◆ Exercise data ◆
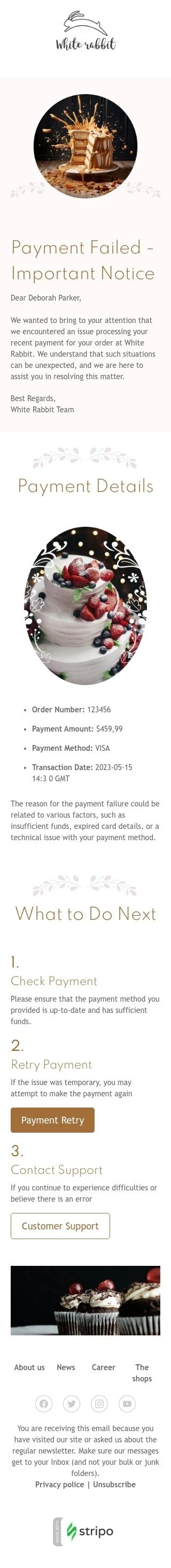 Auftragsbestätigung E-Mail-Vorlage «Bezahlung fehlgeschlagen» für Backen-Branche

==

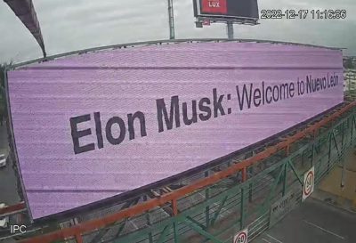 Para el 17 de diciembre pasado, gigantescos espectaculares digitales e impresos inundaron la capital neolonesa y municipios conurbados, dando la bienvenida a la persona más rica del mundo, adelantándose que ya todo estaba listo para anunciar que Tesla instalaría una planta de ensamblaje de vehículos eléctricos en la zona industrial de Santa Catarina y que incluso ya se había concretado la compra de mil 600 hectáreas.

--

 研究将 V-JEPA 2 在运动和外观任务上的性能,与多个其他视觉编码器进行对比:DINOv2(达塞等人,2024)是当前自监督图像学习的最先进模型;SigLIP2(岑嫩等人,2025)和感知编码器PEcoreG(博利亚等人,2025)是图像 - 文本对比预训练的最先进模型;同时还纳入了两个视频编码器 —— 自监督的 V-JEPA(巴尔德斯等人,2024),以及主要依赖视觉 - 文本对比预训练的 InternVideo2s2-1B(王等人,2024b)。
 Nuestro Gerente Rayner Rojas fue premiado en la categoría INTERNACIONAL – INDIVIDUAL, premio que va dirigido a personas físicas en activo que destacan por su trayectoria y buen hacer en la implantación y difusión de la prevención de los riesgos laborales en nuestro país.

◆ Exercise ◆
Restate word for word only the lines above from the line containing "研究将 V-JEPA 2" to the line containing "Nuestro Gerente Rayner", both of them included.

◆ Final answer ◆
 研究将 V-JEPA 2 在运动和外观任务上的性能,与多个其他视觉编码器进行对比:DINOv2(达塞等人,2024)是当前自监督图像学习的最先进模型;SigLIP2(岑嫩等人,2025)和感知编码器PEcoreG(博利亚等人,2025)是图像 - 文本对比预训练的最先进模型;同时还纳入了两个视频编码器 —— 自监督的 V-JEPA(巴尔德斯等人,2024),以及主要依赖视觉 - 文本对比预训练的 InternVideo2s2-1B(王等人,2024b)。
 Nuestro Gerente Rayner Rojas fue premiado en la categoría INTERNACIONAL – INDIVIDUAL, premio que va dirigido a personas físicas en activo que destacan por su trayectoria y buen hacer en la implantación y difusión de la prevención de los riesgos laborales en nuestro país.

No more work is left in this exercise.